10.   Adjustments in Case of “Excess Parachute Payments

If any payments or benefits received or to be received by the Executive in connection with the Executive’s employment (whether pursuant to the terms of this Agreement or any other plan, arrangement or agreement with the Corporation, or any person affiliated with the Corporation) (the “Payments”), will be subject to the tax (the “Excise Tax”) imposed by Section 4999 of the Internal Revenue Code of 1986, as amended (the “Code”) (or any similar tax that may hereafter be imposed), then, after taking into account any reduction in the Payments provided by reason of Section 280G of the Code in any other plan, arrangement or agreement, the amount of Payments under this Agreement shall be reduced, to the extent necessary, so that no portion of the payments is subject to the Excise Tax. The computations required by this paragraph shall be made by the independent public accountants then regularly retained by the Corporation in consultation with tax counsel selected by them and acceptable to the Executive.
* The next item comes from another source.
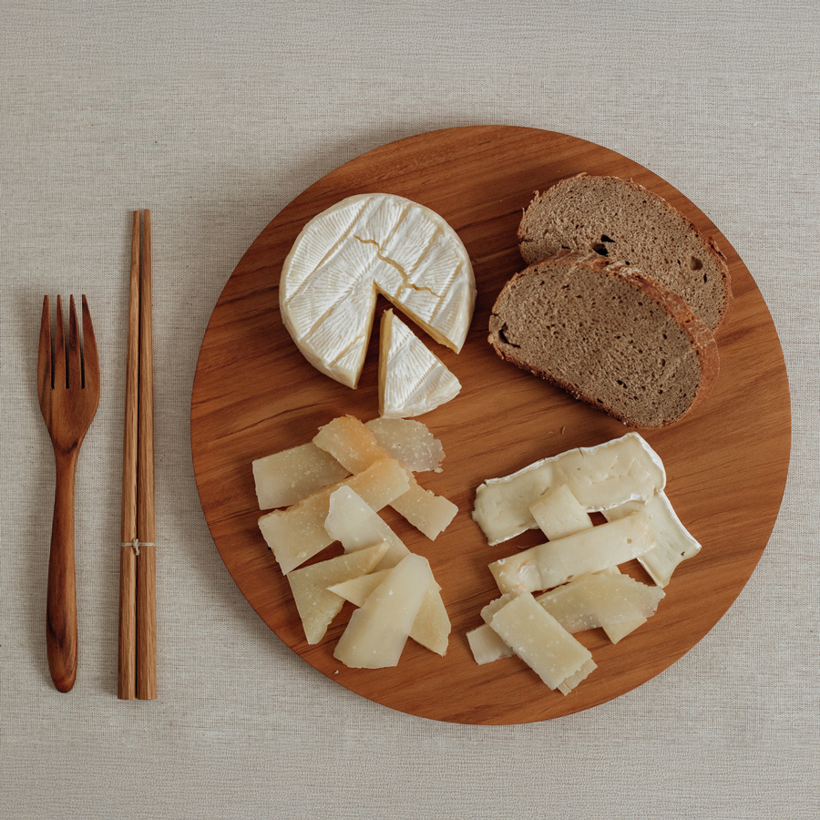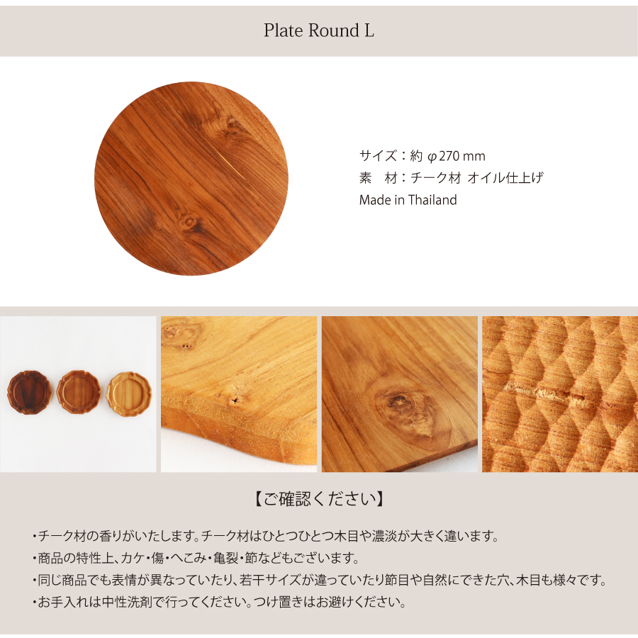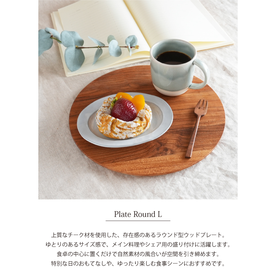 上質なチーク材を使用した、存在感のあるラウンド型ウッドプレート。

For purposes of making the calculations required under this paragraph, the accounting firm may make reasonable assumptions and approximations concerning applicable taxes and may rely on reasonable, good faith interpretations concerning the application of section 280G and 4999 of the Code.

 

11.   Interest Indemnification

 

  a.   In the event any payment to Executive under this Agreement is not paid within fifteen business days after it is due, such payment shall thereafter bear interest at the prime rate from time to time as published in The Wall Street Journal, East Edition.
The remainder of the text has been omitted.